Defined Benefit  

Airport workers set date for strike over pensions

Airport workers set date for strike over pensions

Unite union members working at Aberdeen and Glasgow airports are set to strike for two days in June over proposals to close their defined benefit pension scheme.

The airport workers will go on strike on June 7 and 10 between 4am and 4pm to protest against proposals to shut the scheme, which Unite says broke an Acas agreement made in 2016 to keep it open to existing members.

In April, members supported strike action by 88.3 per cent on a 79.5 per cent turnout, after a 60-day consultation on closing the DB pension scheme was extended to allow for further discussions.

AGS Airports Limited Group, which owns Aberdeen, Glasgow and Southampton airports, closed discussions on May 20 following a failure by the company to maintain the pension scheme based on the 2016 agreement.

Shauna Wright, Unite regional industrial officer, said: "Unite members at Aberdeen airport will join those at Glasgow airport taking industrial action to fight against this coordinated attack by AGS on our members’ pension scheme. 
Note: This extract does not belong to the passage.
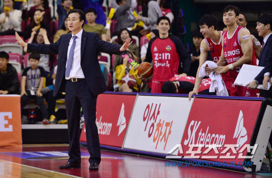 16일 오후 창원실내체육관에서 2015-2016 KCC 프로농구 전주KCC와 창원LG의 경기가 열렸다. LG 김진 감독이 선수들에게 지시를 내리고 있다. 창원=김경민 기자 kyungmin@sportschosun.com
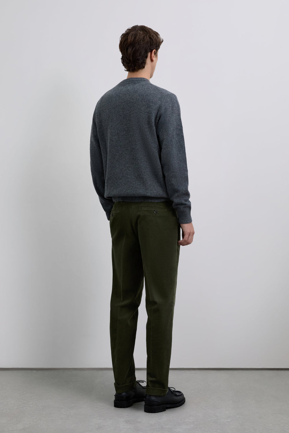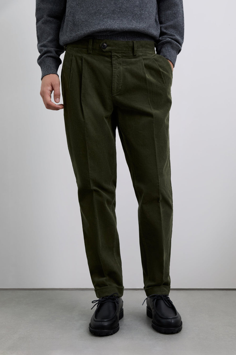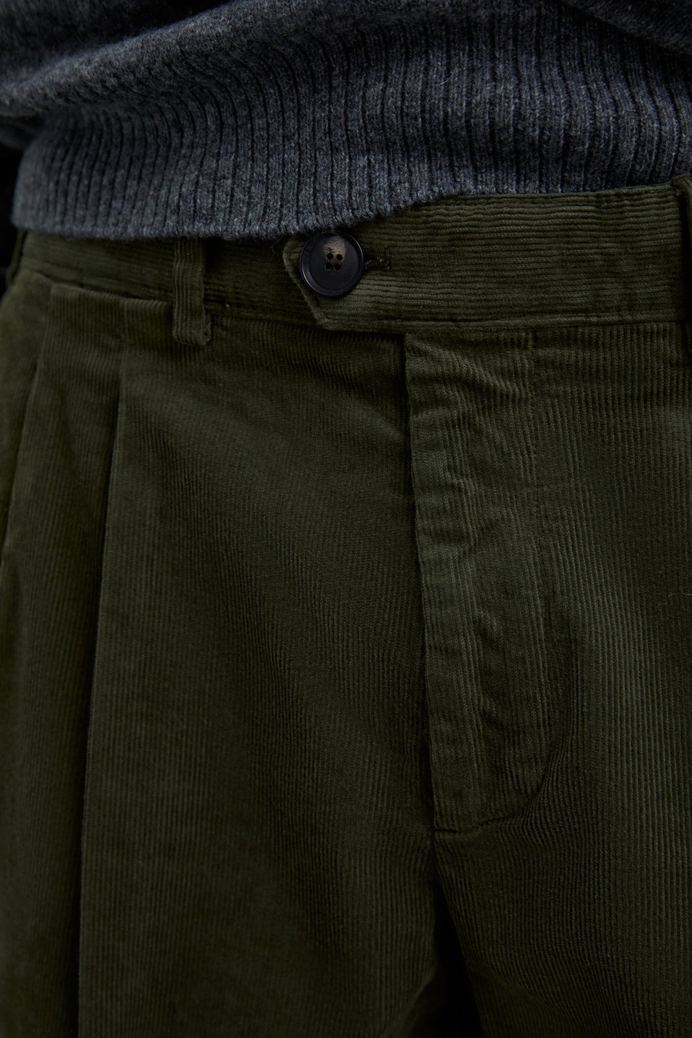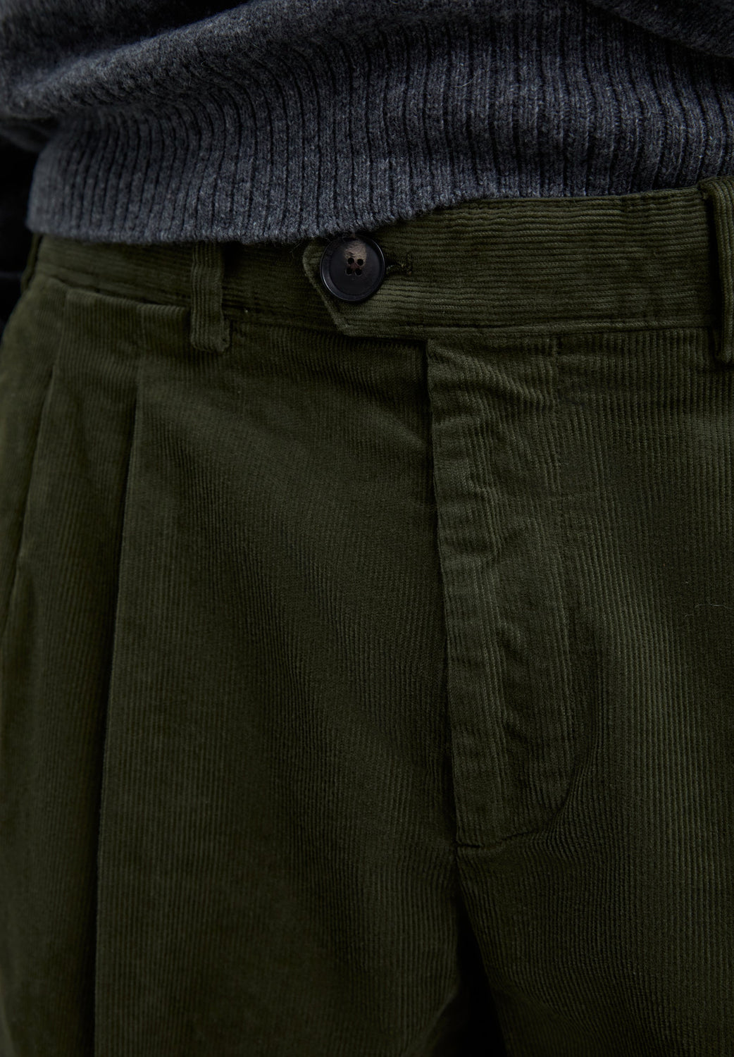 Corduroy chino trousers made of cotton. Loose fit with darts. Concealed zip fastening with an extended button at the waist. Side and back pockets.

"We have repeatedly warned AGS that if it does not keep to the agreements made with us then industrial action would be inevitable. Let’s not forget that this attack comes despite Aberdeen Airport having enjoyed a near doubling of profits."

Ms Wright also said that further dates will be organised in the summer if the dispute is not settled.

According to Unite, Aberdeen Airport increased its after tax profits from £10.7m in 2016 to £19.1m in 2017.

A spokesperson for AGS said: "We are extremely disappointed that the trade unions have served notice of industrial action. We have been in talks since January and, despite attending Acas, there has been no willingness whatsoever on the part of the unions to engage in a constructive negotiation.

"We made a significant improvement on our initial pay offer which was increased from 1.8 per cent to 3 per cent in line with their demands. This was rejected by the trade unions without further consulting their members. 

"In regards to our final salary pension scheme, it is simply unaffordable with the cost to the company due to rise to 24.7 per cent per employee. We tabled a generous compensation package for the remaining members which again was rejected by unions without further consulting their members."

The spokesperson said the union remained open to further dialogue but would now put its contingency plans in place to ensure business as usual at Aberdeen and Glasgow airports for the two dates in June.